Nor do anarchists limit themselves to critiquing capitalism and the state. For Goldman “while all Anarchists agree that the main evil today is an economic one, they maintain that the solution of that evil can be brought about only through the consideration of every phase of life – individual, as well as the collective; the internal, as well as the external phases.” (Goldman 1996, 64) Kropotkin likewise argued that anarchists held “that the whole of the life of human societies, everything, from daily individual relationships between people to broader relationships between races across oceans, could and should be reformulated.” (Kropotkin 2014, 197-8) Historically this led anarchists to critique such things as organized religion, authoritarian schools, sexism, racism and homophobia.

In the modern anarchist movement combating patriarchy, queerphobia, ableism and racism has taken on an even greater importance than it did historically.
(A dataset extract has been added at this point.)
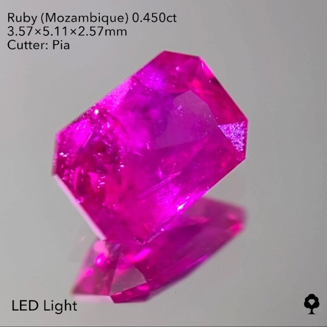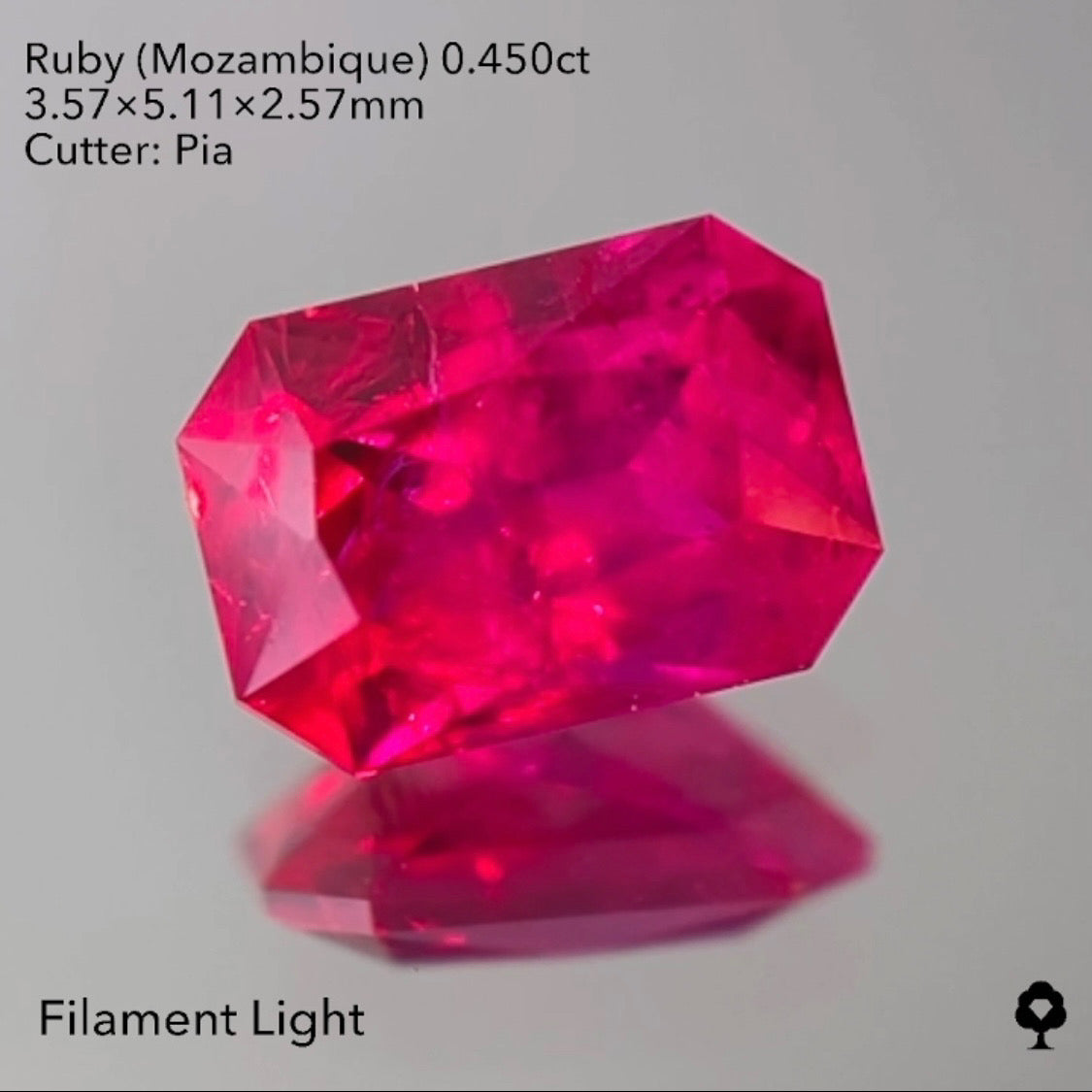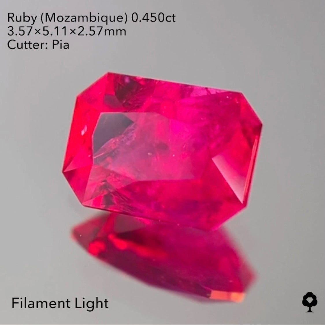 モザンビーク産らしい明るく鮮やかな色合いが美しく、ベールのようなシルクインクルージョンと煌めくシルクインクルージョンがどちらも見られ、角度によっては透明感もある面白い趣のルビーです。

Modern anarchists will place special emphasis on the way that these forms of oppression interact with and are perpetuated by capitalism and the state but they will not reduce them to capitalism and the state. Instead they will focus on the specific character of these forms of hierarchical social relationships and the specific mechanisms through which they are reproduced. Patriarchy, for example, is perpetuated through socialization into gender roles, the enforcement of the gender binary, and the subordination of women, trans and non-binary people. The state plays an important role in reproducing patriarchy, such as the Tory government in the UK cutting funding to domestic abuse shelters or the police victim blaming women who are raped, but the state is not the main cause of patriarchy. This way of theorizing makes zero sense if anarchists view the state as the root of all problems. The Finnish Bolshevik is once again entirely wrong.

Conclusion

I hope that listeners are noticing a pattern here. The Finnish Bolshevik says things about anarchism that are false and does so with a huge amount of confidence, despite providing zero textual evidence for his interpretation. This is all the more worrying when one considers that many of the points I’m making have already been made at length in the anarchist faq. I do not have a problem with Marxists critiquing anarchism. I merely wish that Marxists would first gain an accurate understanding of anarchism before they decided to try and critique it. To not do so is to lack basic intellectual integrity.

Bibliography

Bakunin, Michael. The Political Philosophy of Bakunin: Scientific Anarchism. Edited by G.P. Maximoff. New York: The Free Press of Glencoe, 1964.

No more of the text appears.